Monday, May 16, 2011

The Border Protest You Never Heard About

President Obama visited El Paso, TX on May, 10th and mocked those concerned about border security with tales of "moats and alligators". Upon hearing this rhetoric, a group of citizens directly impacted by Democrats' open-borders policy decided to take action, not that you'd ever hear about it from legacy media.

The residents of the Chiricahua-Peloncillo drug and human smuggling corridor that runs from the Mexican border north through eastern Arizona and western New Mexico are circulating a petition to send to the White House in response to President Obama's recent immigration speech.
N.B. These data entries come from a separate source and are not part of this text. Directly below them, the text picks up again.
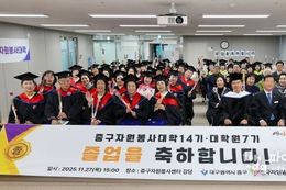 파이낸셜대구경북 김유신 기자 | 대구 중구는 지난 27일 중구 자원봉사센터에서 ‘2025년도 중구자원봉사대학(14기)·대학원(7기) 졸업식’을 개최했다. 2025 자원봉사대학(원)은 지난 8월 28일 입학식을 시작으로 총 13주 과정으로 진행됐으며, 자원봉사 의식 강화 등 기본 소양 교육과 심폐소생술·응급처치법 등 전문과정을 대학에서 운영했다. 대학원 과정에서는 ‘푸드테라피’를 주제로 한 심화 과정이 마련됐다. 올해는 대학 42명, 대학원 20명 등 총 62명이 졸업장을 받았다. 중구자원봉사대학은 2012년 첫 기수 69명을 시작으로 2025년까지 총 691명의 졸업생을 배출했다. 졸업생들은 지역의 자원봉사 협력체계를 강화하는 핵심 인력으로 활동하며 다양한 자원봉사 현장에서 역할을 이어갈 예정이다. 류규하 중구청장은 “그간의 교육과정을 통해 쌓은 지식과 마음을 바탕으로 중구의 자원봉사를 이끌어 주시길 바란다”며 “중구청도 자원봉사 협력체계 구축과 기반 확장을 위해 지속해서 지원하겠다”고 말했다. [뉴스출처 : 대구시중구]
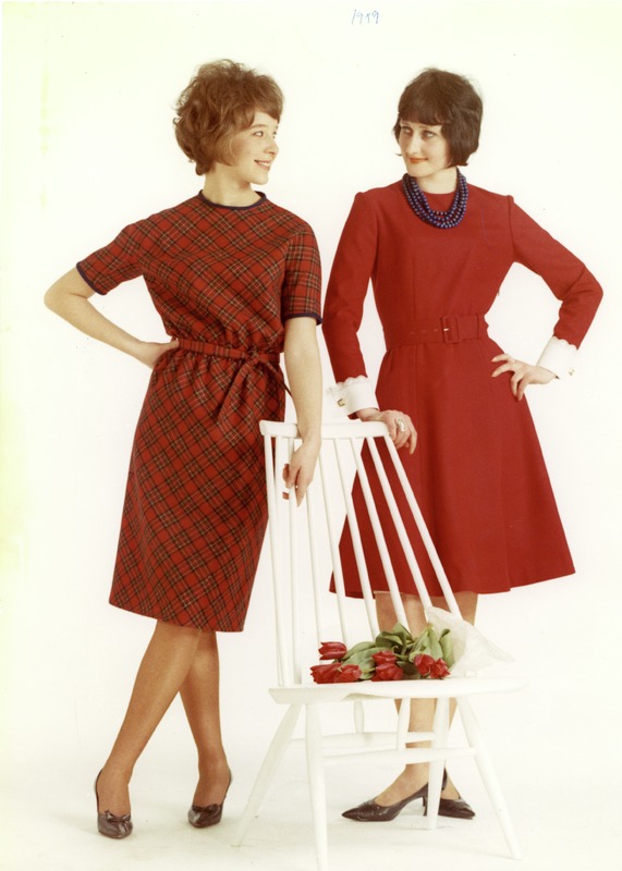 Två unga kvinnor poserar i kläder från AB Margita konfektion. Kvinnan till vänster är Birgitta Palm. Framför kvinnorna står en pinnstol på vilken det ligger en bukett tulpaner.
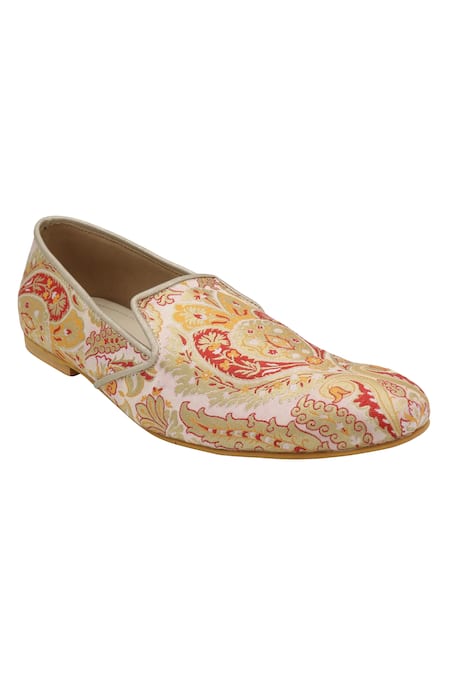 Pink brocade loafers with red & gold motifs & gold piping.

"It is with great wonderment and sadness that we listened to your May 10 speech on immigration issues. All of the joking about moats and alligators cut residents of Portal, AZ, to the core as we sheltered with friends or at a Red Cross evacuation site, to survive a terrible fire that still threatens our lives and property, as well as our ecotourism-based economy," the letter reads.

On Sunday, a massive fire broke out in Horseshoe Canyon, about 50 miles north of the Mexican border, which residents and law enforcement say they believe was started by criminal illegal aliens. Last year, a fire in the same location caused more than $10 million in damages.
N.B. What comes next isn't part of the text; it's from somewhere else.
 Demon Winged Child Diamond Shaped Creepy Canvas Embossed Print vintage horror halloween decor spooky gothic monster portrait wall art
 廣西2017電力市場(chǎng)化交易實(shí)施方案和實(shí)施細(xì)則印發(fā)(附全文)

"During its first 24-hrs, the fire consumed a greater area than did last year's fire over a 6-week period. Local residents were roused after midnight, and some slept fitfully in cars after fleeing with family photos and any valuables that could be quickly assembled. Elderly retirees left with medical supplies, including oxygen tanks on which some depend," the letter reads.
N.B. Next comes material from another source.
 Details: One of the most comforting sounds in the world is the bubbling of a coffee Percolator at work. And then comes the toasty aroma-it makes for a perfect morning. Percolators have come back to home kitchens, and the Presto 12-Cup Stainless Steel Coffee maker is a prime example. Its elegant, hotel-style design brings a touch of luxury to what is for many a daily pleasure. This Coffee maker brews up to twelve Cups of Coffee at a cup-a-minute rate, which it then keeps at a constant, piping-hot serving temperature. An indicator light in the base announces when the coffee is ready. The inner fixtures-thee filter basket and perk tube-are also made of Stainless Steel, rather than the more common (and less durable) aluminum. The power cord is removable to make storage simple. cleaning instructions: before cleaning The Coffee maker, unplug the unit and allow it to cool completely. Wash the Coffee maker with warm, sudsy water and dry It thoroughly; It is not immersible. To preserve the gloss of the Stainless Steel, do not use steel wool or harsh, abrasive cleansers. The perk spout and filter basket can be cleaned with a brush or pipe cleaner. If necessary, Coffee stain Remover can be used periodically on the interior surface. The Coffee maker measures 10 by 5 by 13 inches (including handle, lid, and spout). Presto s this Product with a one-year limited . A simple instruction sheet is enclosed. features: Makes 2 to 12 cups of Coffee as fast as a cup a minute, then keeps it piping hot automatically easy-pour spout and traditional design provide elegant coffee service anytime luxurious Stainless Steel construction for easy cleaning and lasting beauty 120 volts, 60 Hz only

...Jeff Gee, one of the organizers behind the petition and a firefighter battling the still-burning fire in Horseshoe Canyon, says he was insulted by Obama's speech... "We’re doing everything we can to get the word out that this is serious problem, it’s not just a border issue, the drugs and crime are moving through the corridor and they keep going to major cities. I don’t know if this letter will help, but nothing else is."

Cochise County, Ariz., Sheriff Larry Dever, who penned an op-ed in The New York Times Friday describing the plight of border residents, [said] that the petition is a plea for the administration to take a closer look at the hardships they are suffering... "These people are not overreacting. What they suggest in letter is very deep part of their belief system based on their experience and their experience has been horrific -- they see human smuggling and drug trafficking, they sit on their porch and watch people walk through, they've had their homes burglarized," Dever said.

...In the letter, petitioners say that despite the president's protestations, "neither the border nor daily life" is secure... "Seizure of record quantities of drugs may pad the statistics of Homeland Security, but it does nothing to ease the burdens we have been forced to bear. Over the years, as our homes have been burgled or invaded, our fences, water lines and windows repeatedly broken, our businesses driven toward bankruptcy, our natural surroundings desecrated by trash and fire, and our lives even obliterated (neighbor Rob Krentz, murdered by a drug scout), it has amazed us how little note is taken of these tragedies by our government and the press," the letter reads.

Unfortunately, these pleas are certain to fall on deaf ears, because the Democrats need the votes, man!

And I don't mean the votes of legal immigrants, Hispanic or otherwise. I mean undocumented Democrats.